Inside the bookstore, the air smelled like old paper and dust. They wandered slowly, neither of them in a hurry.
Rowan pulled a book from the shelf. "I tried reading this once."
"And?"
"I didn't finish it."
"Why?"
"It felt too close to home."
She glanced at the cover. "Sometimes those are the ones worth finishing."
"Or sometimes," he said, "they remind you of things you've been avoiding."
"Avoiding doesn't make them disappear," she said softly.
He replaced the book carefully. "No. It just makes them louder later."
They left without buying anything.
Outside, rain began to fall.
They stood under the awning of a closed café, rain tapping softly above them.
"This feels familiar," Elira said.
He glanced at her. "Does it?"
"The rain. The quiet. You're almost saying something."
He let out a quiet laugh. "I didn't realize I was predictable."
"You're not," she said. "You're careful."
He grew serious. "Careful people hurt others without meaning to."
"So do careless ones," she replied.
He looked at her. "You're not afraid of being hurt, are you?"
She took a breath. "I am. I just don't let it decide for me."
Something shifted in his expression.
Over the next few days, Rowan found himself looking for Elira.
Not intentionally.
Not obsessively.
Just... naturally.
He noticed when she wasn't in the break room. When she left early. When she laughed with Mira.
It unsettled him.
One evening, as they walked out together again, he spoke before thinking.
"You make the office feel different."
Elira looked surprised. "Different how?"
"Quieter," he said. "Like I can breathe."
She smiled softly. "I'm glad."
He stopped walking. "That's not fair to you."
She turned. "Why?"
"Because I don't know what to do with that feeling," he admitted.
"You don't have to do anything," she said. "Just notice it."
He ran a hand through his hair. "That's how it starts."
"How what starts?"
"Needing someone."
Her voice was gentle. "Needing isn't a weakness."
"It is when you've spent years avoiding it."
She stepped closer, careful not to cross a line he hadn't invited her over.
"Avoiding hasn't made you happier."
He met her eyes. "No."
Silence pressed in again.
"Elira," he said quietly.
"Yes?"
"There are parts of me that aren't good at this."
"At what?"
"Letting someone in," he said. "Staying."
She swallowed. "You don't have to promise anything."
"That's the problem," he said. "I don't know how to want something without promising it."
Her heart ached at the honesty.
"You don't have to decide today," she said.
He nodded slowly. "Thank you for not asking me to be more than I am."
She smiled.
"Thank you for showing me who you are."
That night, Rowan sat alone in his apartment, staring at his phone.
He typed her name.
Stopped.
Deleted it.
Typed again.
Rowan: Are you home?
The reply came quickly.
Elira: Just got in. Is everything okay?
He stared at the screen, chest tight.
Rowan: I don't know.
A pause.
Elira: Do you want to talk?
He hesitated.
Rowan: Not tonight. I just wanted to know you were there.
Her reply came softly.
Elira: I am.
He set the phone down, breathing out slowly.

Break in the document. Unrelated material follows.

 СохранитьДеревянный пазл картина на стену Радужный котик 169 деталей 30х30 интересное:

The next morning, Elira arrived at work to find Rowan already there, standing by her desk.
"You're early," she said.
"So are you."
He looked nervous.
"Did something happen?" she asked.
He nodded. "Can we talk?"
Her heart skipped. "Of course."
They stepped into the stairwell again, the familiar echo greeting them.
Rowan leaned against the wall, rubbing his hands together.

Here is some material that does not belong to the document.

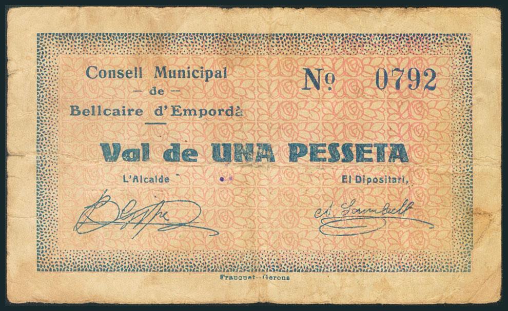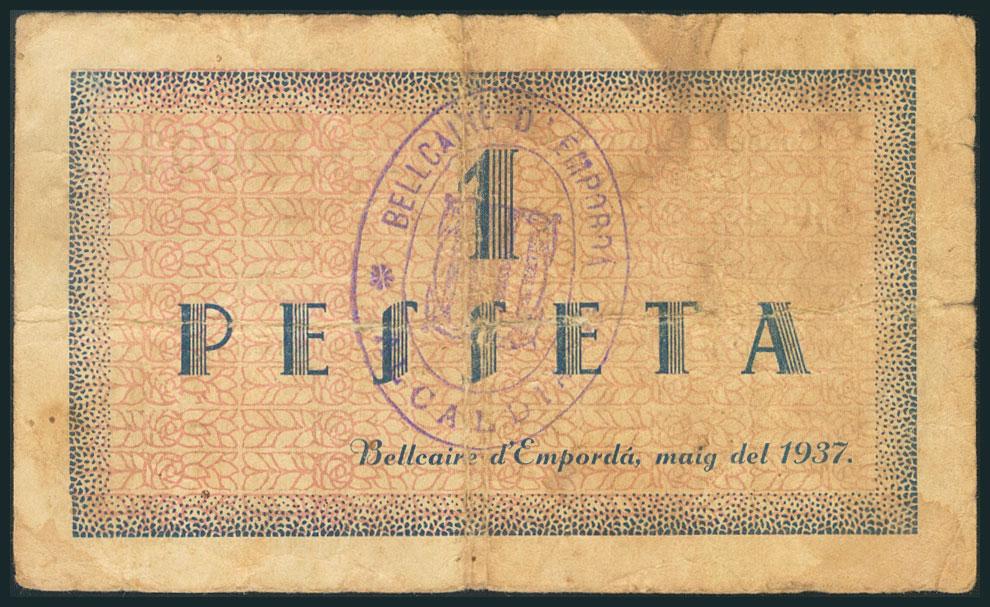 BELLCAIRE D´EMPORDA (BARCELONA). 1 Peseta. Mayo 1937. (González: 6961). Muy raro. BC.

"There's something I should tell you," he said.
Elira's breath caught. "Okay."
He looked at her, eyes conflicted, voice low.
"I don't know how to do this," he admitted. "But I know I don't want to keep pretending"

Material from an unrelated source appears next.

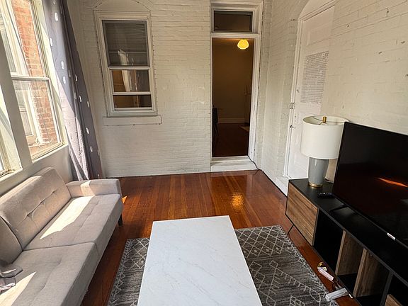 What a deal! OWNER WILL NOW PAY A HALF BROKER FEE! Eat-in kitchen with dishwasher, nice hardwood flooring, MASSIVE bedroom (or living room). Use the 3-season porch as a bedroom or living room! **3-season porch is not fully insulated or heated. Will need a space heater in winter. The price definitely reflects the quirkiness; it's an OUTSTANDING deal! Heat and hot/cold water are included in the rent. Parking may be available for rent behind the building. Laundromat is across the street. A half-month broker fee applies (and half-month security deposit). Contact Dan, thank you! Thank you! 12 months starting 9/1/25

Footsteps echoed above them.
Someone was coming down.
Rowan straightened abruptly, his expression closing off like a door slammed shut.
"We can't," he said quickly. "Not here."
He stepped back, distance reappearing between them like it had never left.
Elira stood frozen, heart racing, watching him retreat up the stairs without another word.
And for the first time since she met him, she felt it clearly
Whatever Rowan was about to say might change everything.
And she didn't know if he would ever say it again.